Sometimes it’s difficult to assess whether the practice of law has been enhanced or burdened by burgeoning technology. When I entered the profession in the early 1980s, my work as a litigation associate was very different than it is today. We did not have an array of devices to assist us in keeping track of our time or handling our work. I hand wrote my briefs on a yellow legal pad to be typed by my assistant, who would make changes using a memory typewriter. Partners’ comments came in red marker (and ideally there were not too many of those). For documents longer than over 10 pages, I submitted revisions to word processing at night (in the basement) and the revised version would miraculously appear on my desk the next morning. I did my research using actual books in the vast library, where I hauled and then reviewed the hefty Shephard’s volumes to make sure the cases I cited were still good law. If I needed to refer to something in the file, I made my way to the windowless labyrinth where row after row of imposing ceiling-high shelves held client papers. Suffice it to say, we did not have our own computers, laptops, tablets or other devices that may have confined our heavy lifting to the screen. Telephone service and messaging were also very different from what we are accustomed to today. We received our phone messages on small, pink squares of paper. If someone needed us urgently, the firm used a coded paging system, broadcasting a Morse code-type sequence of bells to summon you. With these methods of communication, we did not work remotely as the available technology did not support working anywhere except the office.

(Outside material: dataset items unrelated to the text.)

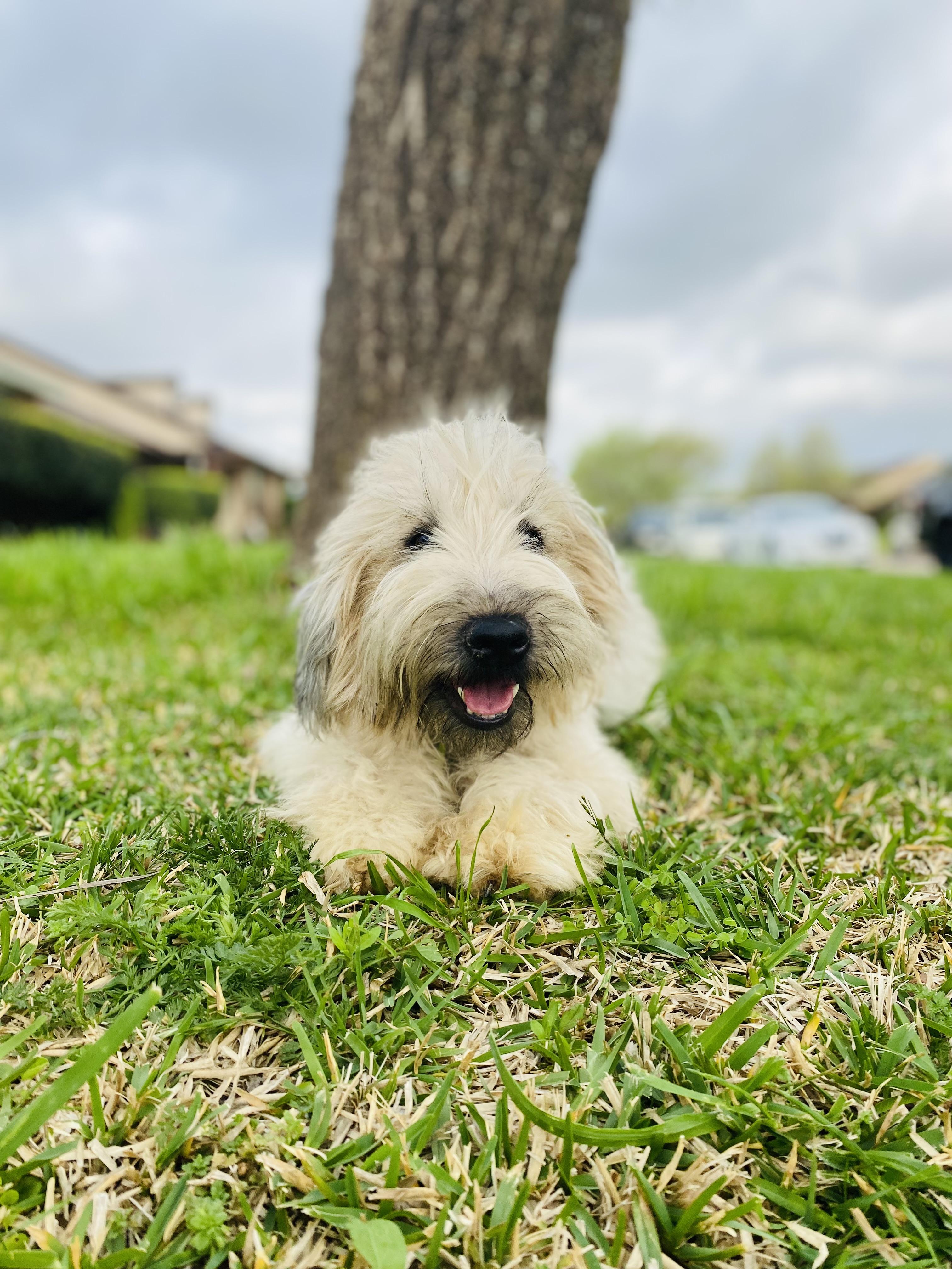 Riot is a male Soft Coated Wheaten Terrier. Carefully selected as a great representative of his breed, Natalie decided to make him part of their program. Natalie has passed Good Dog’s screening process, which involved a review of their breeding practices, environment, and the mental and physical health of their dogs.
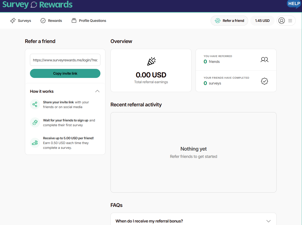 The referral program allows you to earn additional rewards by referring friends and family to become members and complete paid surveys.
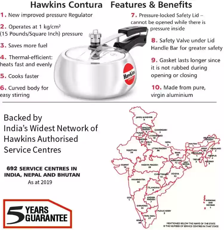You can prepare your favourite meals in a jiffy with the efficient Hawkins Contura Aluminium Pressure Cooker. It is designed with rounded sides that make stirring, removing, and viewing your food convenient. Built with an inside-fitting lid, this pressure cooker keeps the pressure locked for safety and efficiency while cooking. Moreover, a safety valve is situated below the lid's handlebar, which deflects the steam in a downward direction to prevent burns.
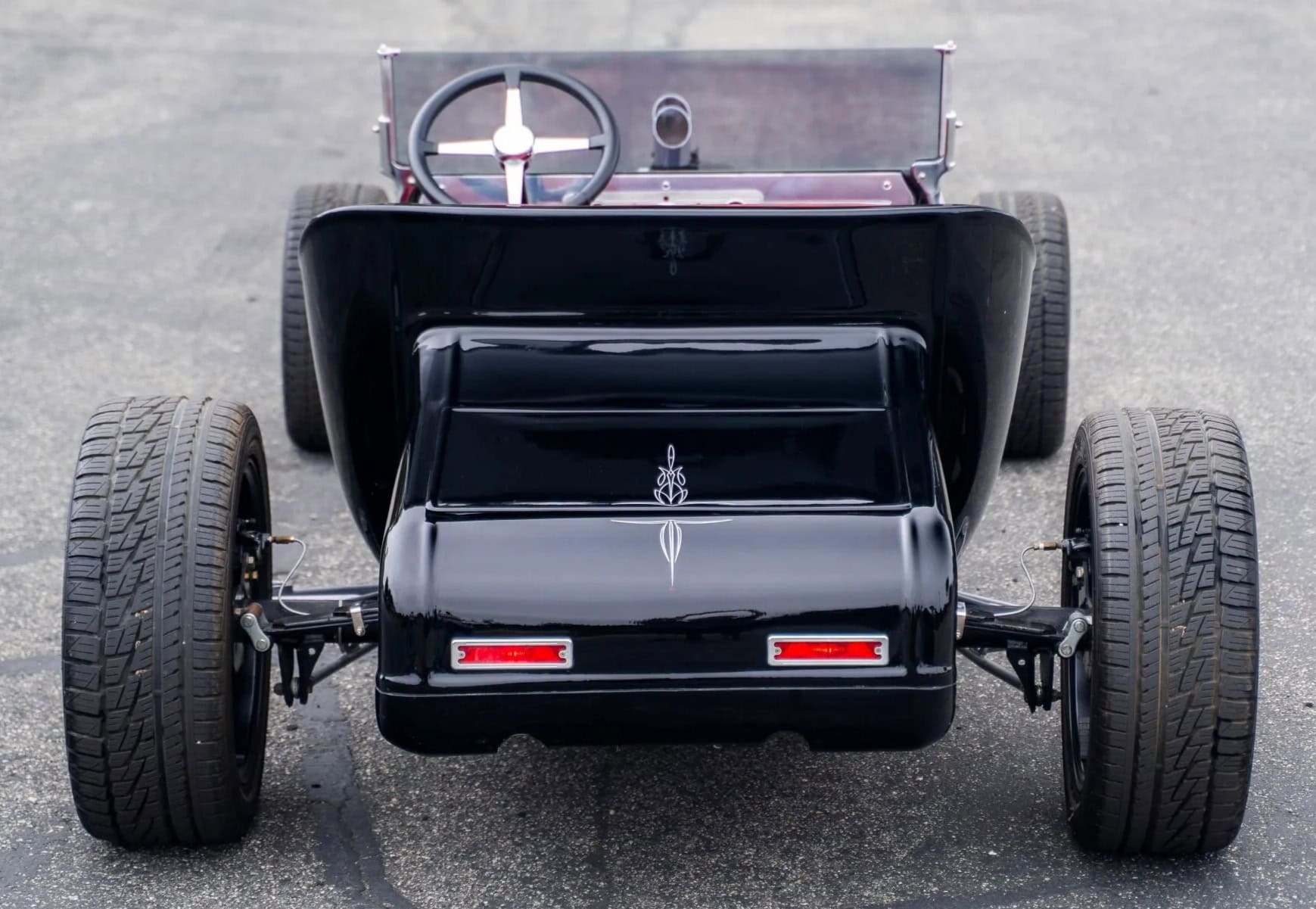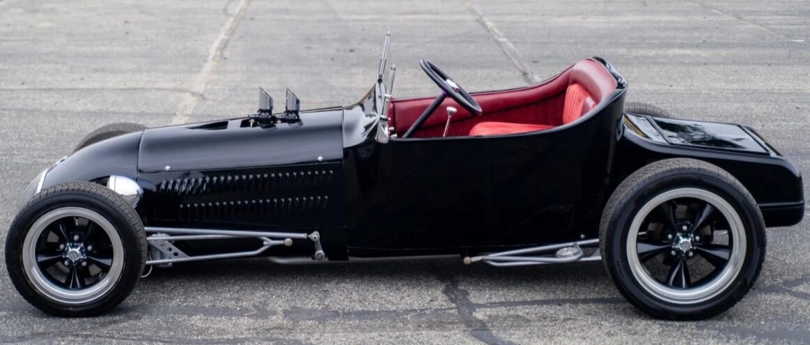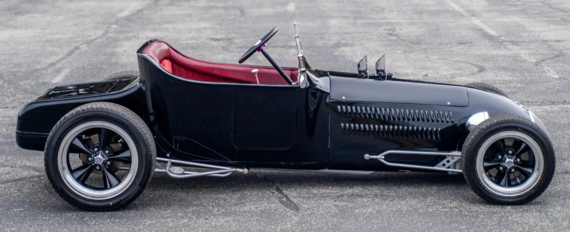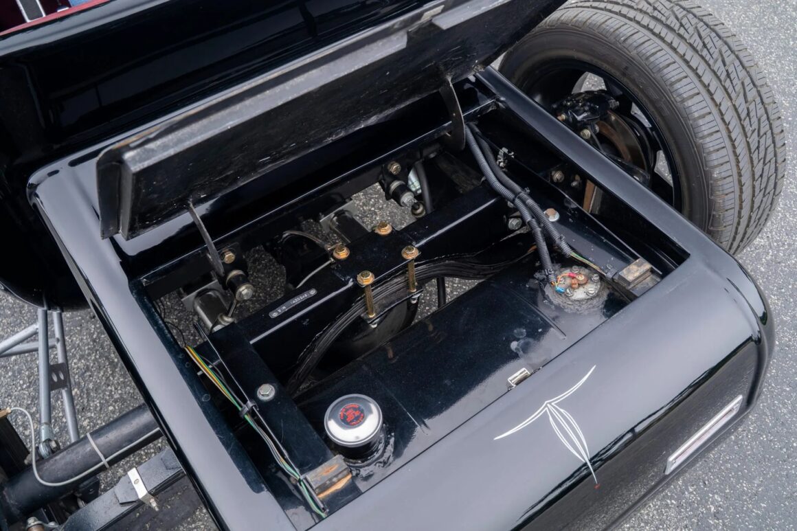 Il y a aussi un pont différentiel GM à 10 boulons. Le “Title” répertorie la voiture comme une Ford de 1926 ayant une carrosserie 1980 en fibre de verre peinte en noir avec des fioritures. Un pare-chocs avant amovible et des feux de recul “de rechange” sont inclus dans la vente qui est de 30.000$,
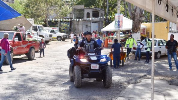 Asimismo, elementos de seguridad llevan a cabo recorridos de vigilancia y prevención por pie tierra, motopatrullas y aéreos por parte de la Unidad de Drones de la Policía Estatal a lo largo y ancho del lugar. De igual forma, se realiza el Operativo Carrusel por la avenida Insurgentes, la autopista Tepic – Mazatlán, el libramiento carretero y retornando en bulevar Tepic – Xalisco y por las diferentes rutas de acceso a las colonias aledañas a dicho poblado.
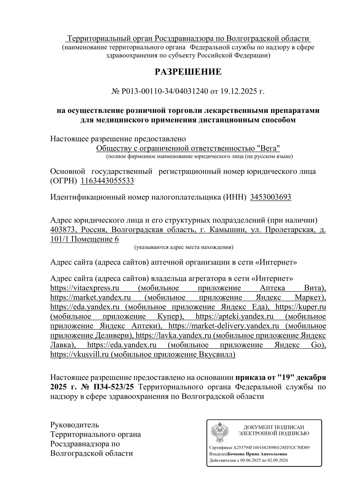 Контактные данные специалиста, ответственного за размещение информации о лекарственных препаратах на сайте аптеки Вита: Назарова Валерия Вадимовна, +7 (927) 655-03-28
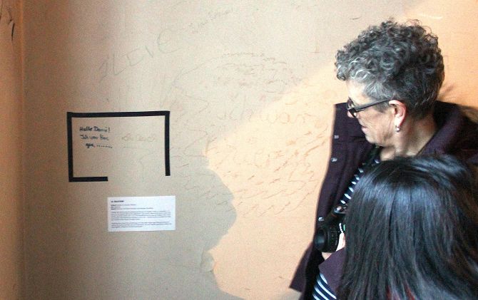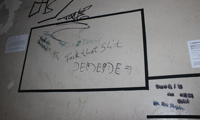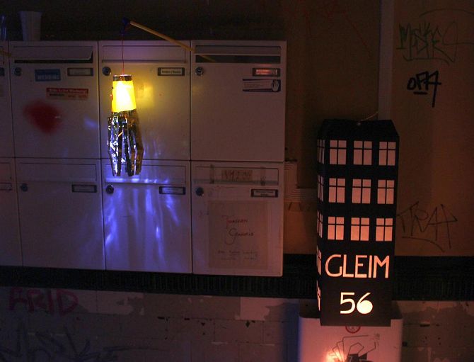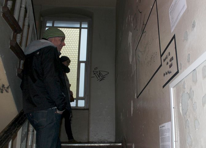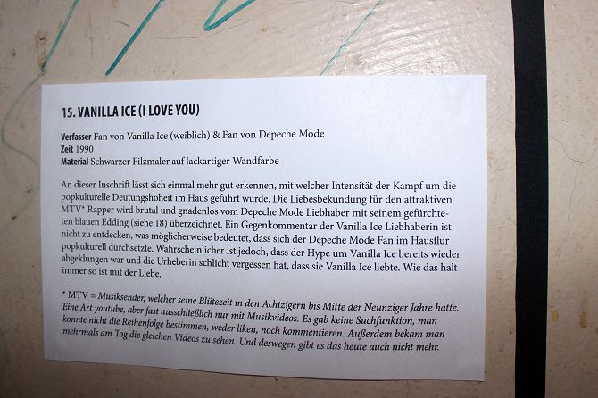 In der Gleimstraße 56 gab es die Ausstellung „HOME IS WHERE YOUR HEART IS“ zu bewundern. Dabei wurden offenbar schon länger an den Hausflurwänden vorhandene Inschriften und Mini-Grafitti gerahmt und mit mehr oder weniger ironischen Kommentaren versehen.
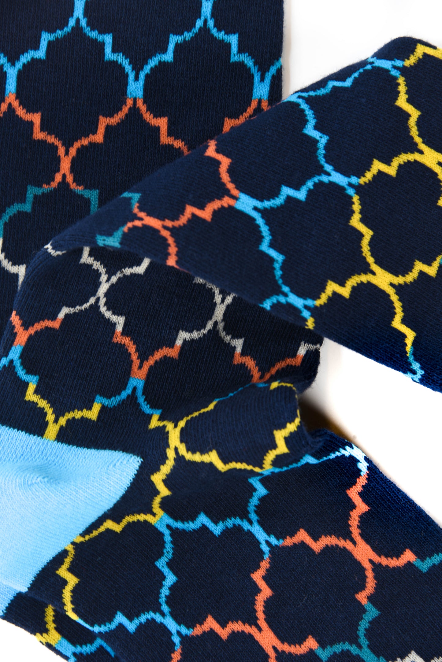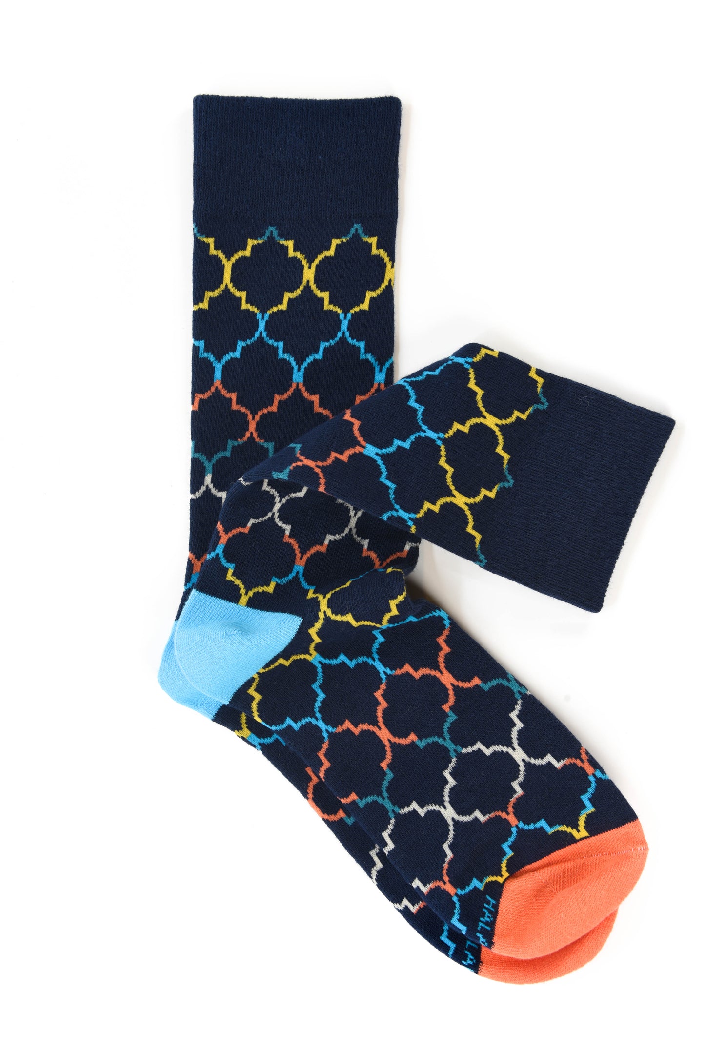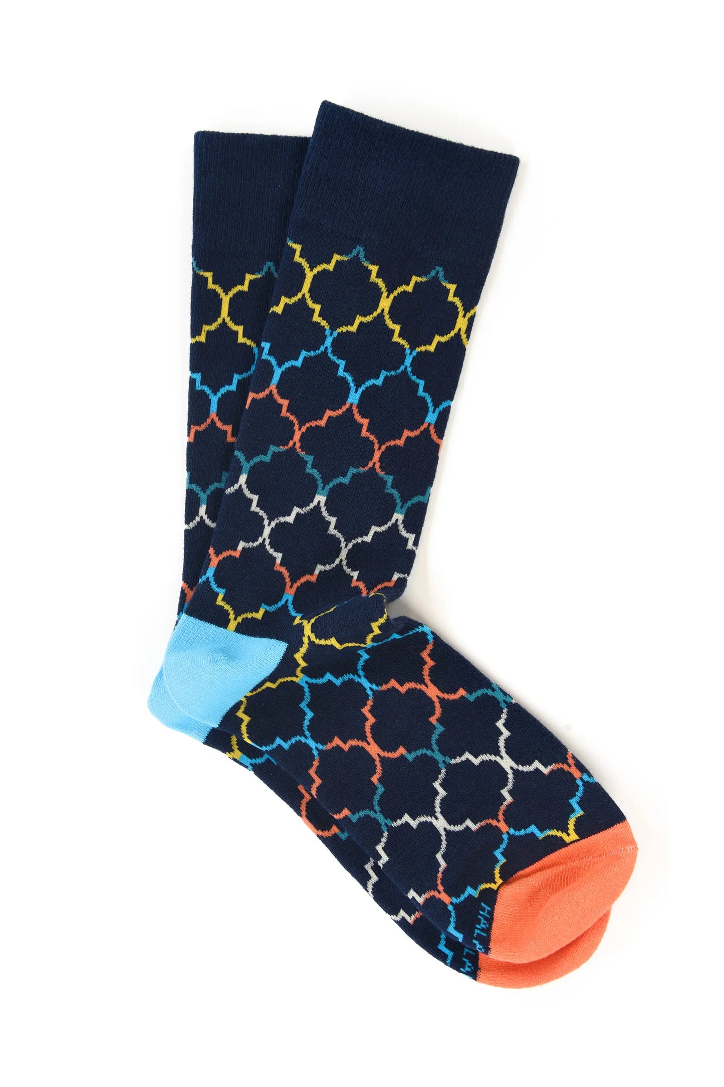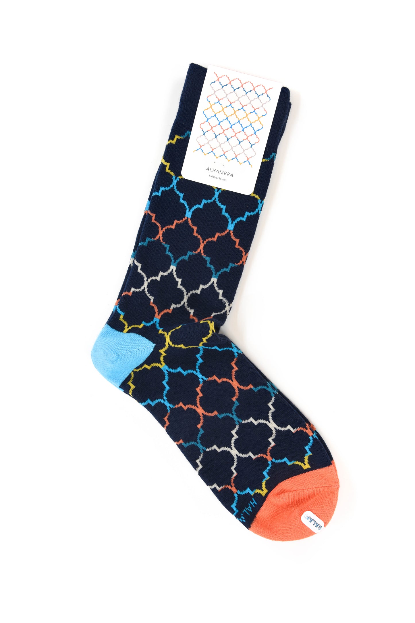 Our Alhambra pair put a fun twist on the classic lantern mosaic design. The bold Middle Eastern pattern on this deep navy pair promises to elevate everyday ensembles.

Against this backdrop, the Wall Street firm where I began my career offered aspiring litigators the opportunity to handle employment arbitrations to gain experience examining and cross-examining witnesses, introducing evidence and making objections. It was a crash course on presenting a case and becoming an effective advocate. In 1982, just a year out of law school, on less than 48 hours’ notice I was ordered to travel cross-country to handle an arbitration. The dispute was brought by a union worker challenging his suspension for violating safety protocols at the client’s manufacturing plant. I boarded the plane with a litigation bag filled with the pleadings, documents and hard copies of the arbitration and evidentiary rules, and a huge knot in my stomach. At my destination, I stayed up all night preparing my opening, witness examinations and exhibits, trying to anticipate objections. Without the internet or access to other information, I was on my own. I remember that the client representatives did not seem very confident when I walked into the arbitration room as their 24-year-old, barely 5-foot-tall advocate—to face off against a more senior adversary before a panel of three imposing arbitrators. Despite the apparent disparities in experience between counsel, we prevailed largely because the client had kept a clear record to justify its actions. What I remember most, 40-plus years later, is that the supervising partner complained that I had spent too much time preparing for the hearing!